RESULTS: This meta-analysis of 22 clinical trials showed a significant reduction on/in leptin (WMD: -1.58 ng/mL, 95% CI: -2.96, -0.20, p = 0.02, I2 = 0%), plasminogen activator inhibitor-1 (PAI-1) (WMD: -13.86 ng/mL, 95% CI: -26.70, -1.03, p = 0.03, I2 = 99%), and visfatin (WMD: -1.52 ng/mL, 95% CI: -2.49, -0.56, p = 0.002, I2 = 0%) after fibrate therapy; no significant effect was observed on adiponectin (WMD: -0.69 µg/ml, 95% CI: -1.40, 0.02, p = 0.06, I2 = 83%) and resistin (WMD: -2.27 ng/mL, 95% CI: -7.11, 2.57, p = 0.36, I2 = 0%). The sensitivity analysis was robust only for visfatin, while the effect size was sensitive to one arm for leptin, four for adiponectin, and two for PAI-1.
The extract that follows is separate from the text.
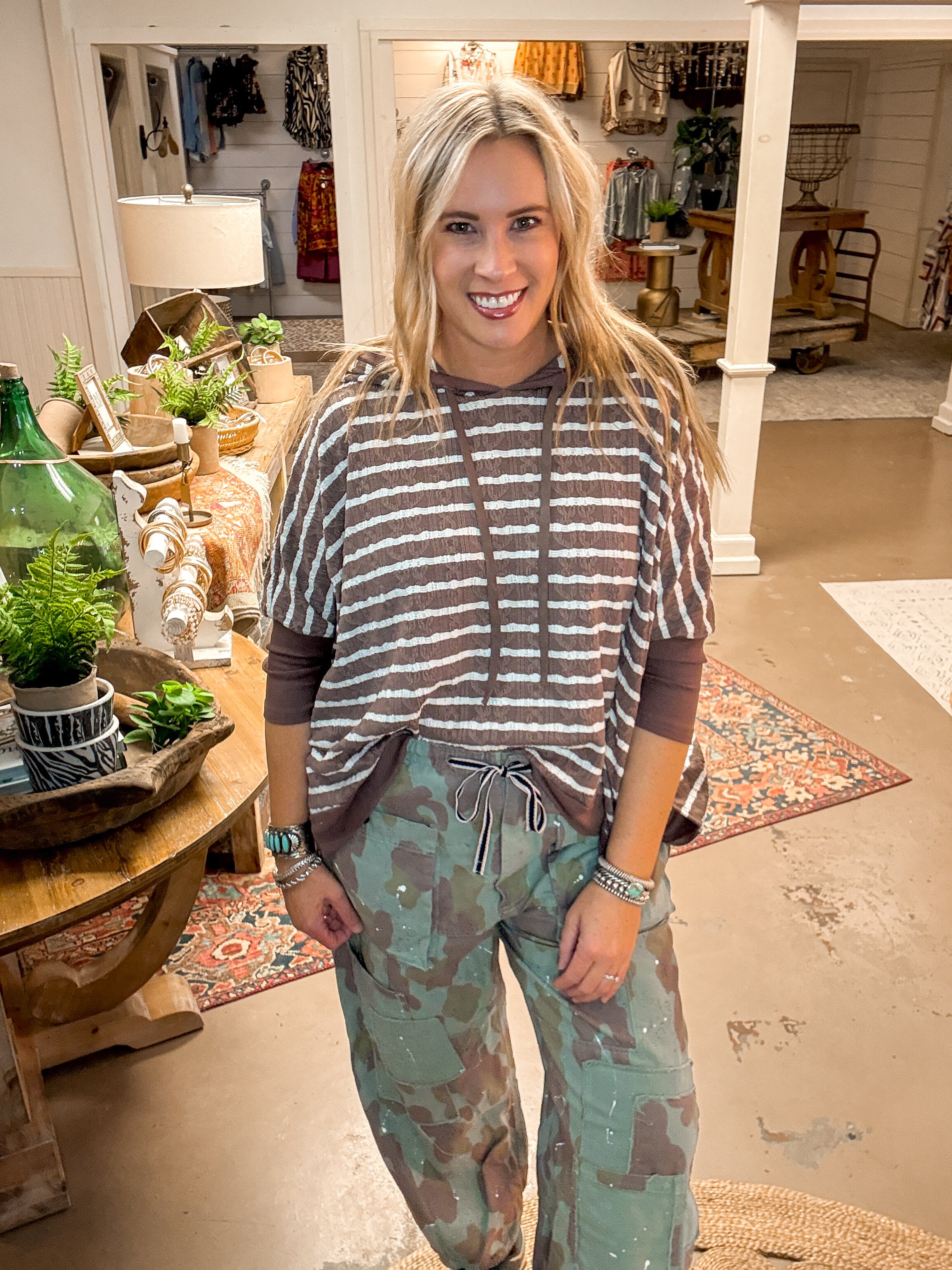 The hooded top every woman needs! This textured pullover features an allover horizontal stripe pattern, drawstring hood, dolman/batwing sleeves, long ribbed cuffs and hemline, side slits at hem, and 3/4...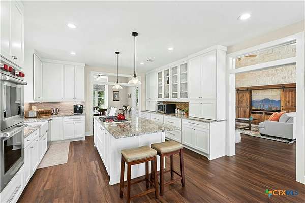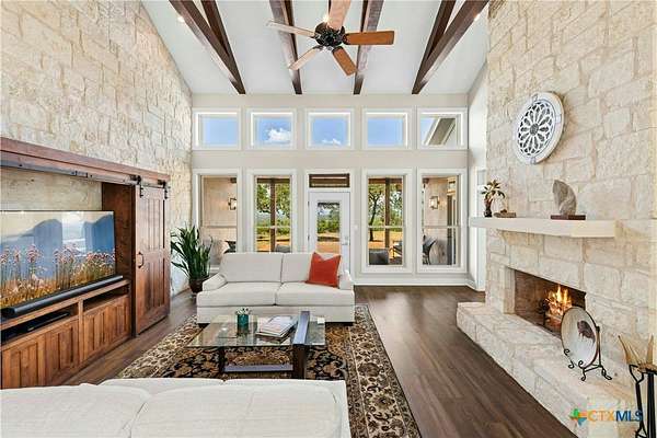 Experience stunning and expansive vistas of the Texas Hill Country from every room in this gorgeous hilltop home. At almost 1600' elevation, you can see for miles and every room showcases the extraordinary landscape. The property is ideally situated between Austin, San Antonio and the Texas Wine Trail. And while it feels far from cities and towns, you're just minutes from Dripping Springs, Blanco and Johnson City, and less than an hour from Austin, San Antonio and Fredericksburg. The home was completely remodeled in 2024 with comfort and luxury in mind. Once inside, you'll find multiple living and dining areas, a large gourmet kitchen with premium Wolf and Subzero appliances, a luxurious primary suite, large home office or flex room, oversize walk-in pantry, and two private bedrooms and bath upstairs. A newly constructed "gentleman's barn" offers ample parking for multiple cars or an RV, as well as a workshop. The building's design allows for the addition of a 2nd floor guest apartment. The property's 14+ acres feature a grotto, hiking trails, and abundant wildlife. The Wildlife Exemption gives you the opportunity to enjoy native game--and a significant tax break. When you walk the trails you'll find your favorite quiet space or views of the Hill Country. As part of the Ranches at Dripping Springs development, you'll enjoy a thoughtfully planned community on almost 400 acres that honors and celebrates the topography, flora and fauna. Are you looking for your primary residence or a 2nd home? A place to be near your students in Austin, San Marcos or San Antonio? Embrace luxury and tranquility in this Hill Country gem!

CONCLUSIONS: This meta-analysis showed that fibrate treatment significantly improves adipokine levels with a decrease in leptin, PAI-1, and visfatin, suggesting potential additional clinical therapeutic benefits through/of fibrate treatment on adipose tissue.
摘要:
背景:纤维蛋白广泛用于治疗血脂异常和相关的代谢异常;然而,它们对脂肪因子的影响尚不清楚。
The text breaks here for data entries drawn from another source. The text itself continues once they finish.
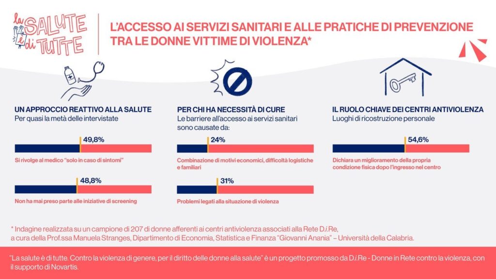 La violenza nega il diritto alla salute delle donne, ma la salute è, per le donne, al centro della rinascita dalla violenza, come possibilità di sentirsi di “riconoscersi degne”, di “iniziare una nuova vita”. Per rispondere a questo bisogno nasce il progetto “La salute è di tutte. Contro la violenza di genere, per il diritto delle donne alla salute”, realizzato da D.i.Re – Donne in Rete contro la violenza, con il supporto di Novartis, azienda leader nell’innovazione in ambito farmaceutico, impegnata al fianco di tutti gli attori del sistema Paese per reimmaginare la salute del futuro, in ottica di equità e tempestività di accesso all’innovazione; un impegno che va di pari passo a quello per la parità di genere. Il progetto ha ricevuto il Patrocinio della Società Italiana di Cardiologia (SIC). I risultati dell’indagine[1] che ha coinvolto 207 donne nei centri antiviolenza della rete D.i.Re in tutta Italia, mostrano gli ostacoli che la violenza crea nell’accesso delle donne alla prevenzione e ai percorsi di presa in carico. Quasi la metà delle donne intervistate (48,8%) non ha mai preso parte alle iniziative di screening promosse sul territorio e il 31% di coloro che ha bisogno di cure incontra barriere nell’accesso ai servizi sanitari a causa della violenza.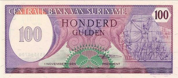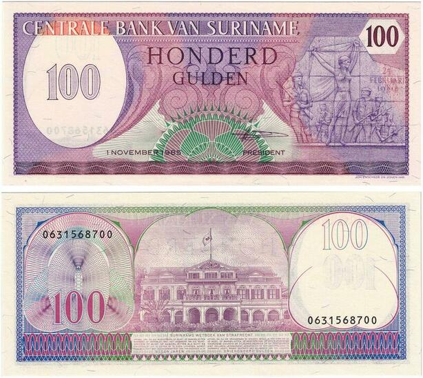 Q0686 Banknote South America Suriname 100 Gulden 1985 UNC ->Make Offer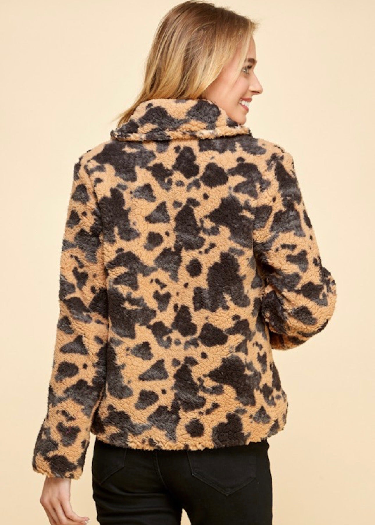 Stay cozy and on-trend with this fluffy animal print jacket. Its soft texture and eye-catching pattern make it a standout layer for chilly days!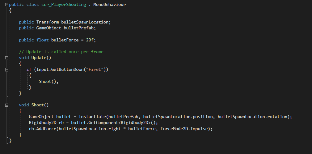 Also, I will make a new function which will be called shoot and in this function, it will handle everything to do with the player being able to shoot such as it will use the bullet prefab that I made earlier and will use the bullet spawn location transform component that I also made earlier to know the position of where the bullet will spawn and for the rotation of the bullets as well because it will move where ever the player is facing. The last thing I need to do in the script is to go into the update function and make an if statement that will tell it if the left mouse button is pressed it will use the shoot function that I just made and with this whenever the player presses the left mouse button, they will be able to shoot.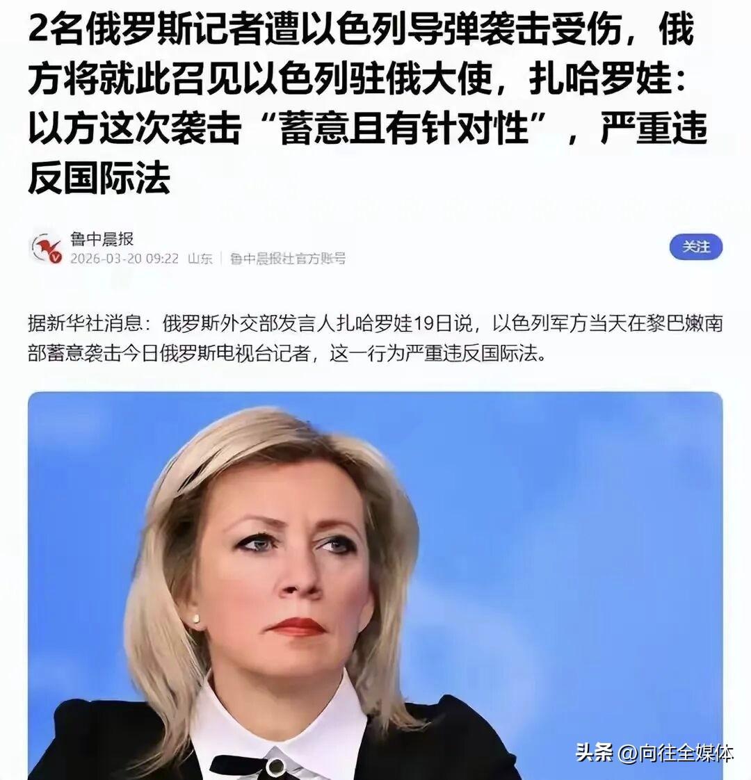 以色列军方在黎巴嫩南部,对身穿明显媒体标识的俄罗斯今日电视台记者发动导弹袭击,导致两名记者受伤。这一公然践踏国际法、针对记者的暴力行为,彻底激怒俄罗斯,普京迅速出手,展开强硬反制。

目的:这项临床试验的荟萃分析旨在评估贝特类药物对循环脂肪因子水平的影响。
方法:仅在PubMed-Medline的搜索中纳入了研究贝特治疗对循环脂肪因子水平的影响/效果的随机对照试验,Scopus,ClinicalTrials.gov,WebofScience,和谷歌学者数据库。使用随机效应模型和通用逆方差方法进行荟萃分析。敏感性分析采用留一法进行。
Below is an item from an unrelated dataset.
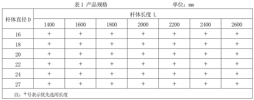示例:公稱直徑為20mm,長度為1800mm,桿體尾部結(jié)構(gòu)為非金屬材料的全螺紋式樹脂錨桿玻璃纖維增強(qiáng)塑料桿體,可標(biāo)記為MGSL20/1800F。

结果:这项对22项临床试验的荟萃分析显示,瘦素水平显着降低(WMD:-1.58ng/mL,95%CI:-2.96,-0.20,p=0.02,I2=0%),纤溶酶原激活物抑制剂-1(PAI-1)(WMD:-13.86ng/mL,95%CI:-26.70,-1.03,p=0.03,I2=99%),和内脂素(WMD:-1.52ng/mL,95%CI:-2.49,-0.56,p=0.002,I2=0%)贝特治疗后;对脂联素无明显影响(WMD:-0.69µg/ml,95%CI:-1.40,0.02,p=0.06,I2=83%)和抵抗素(WMD:-2.27ng/mL,95%CI:-7.11,2.57,p=0.36,I2=0%)。敏感性分析仅对visfatin,虽然效应大小对瘦素的一只手臂敏感,四是脂联素,和两个用于PAI-1。
结论:这项荟萃分析显示,贝特类药物治疗可显着改善脂肪因子水平,降低瘦素,PAI-1和visfatin,提示通过对脂肪组织进行贝特治疗的潜在额外临床治疗益处。
目的:这项临床试验的荟萃分析旨在评估贝特类药物对循环脂肪因子水平的影响。
方法:仅在PubMed-Medline的搜索中纳入了研究贝特治疗对循环脂肪因子水平的影响/效果的随机对照试验,Scopus,ClinicalTrials.gov,WebofScience,和谷歌学者数据库。使用随机效应模型和通用逆方差方法进行荟萃分析。敏感性分析采用留一法进行。
结果:这项对22项临床试验的荟萃分析显示,瘦素水平显着降低(WMD:-1.58ng/mL,95%CI:-2.96,-0.20,p=0.02,I2=0%),纤溶酶原激活物抑制剂-1(PAI-1)(WMD:-13.86ng/mL,95%CI:-26.70,-1.03,p=0.03,I2=99%),和内脂素(WMD:-1.52ng/mL,95%CI:-2.49,-0.56,p=0.002,I2=0%)贝特治疗后;对脂联素无明显影响(WMD:-0.69µg/ml,95%CI:-1.40,0.02,p=0.06,I2=83%)和抵抗素(WMD:-2.27ng/mL,95%CI:-7.11,2.57,p=0.36,I2=0%)。敏感性分析仅对visfatin,虽然效应大小对瘦素的一只手臂敏感,四是脂联素,和两个用于PAI-1。
结论:这项荟萃分析显示,贝特类药物治疗可显着改善脂肪因子水平,降低瘦素,PAI-1和visfatin,提示通过对脂肪组织进行贝特治疗的潜在额外临床治疗益处。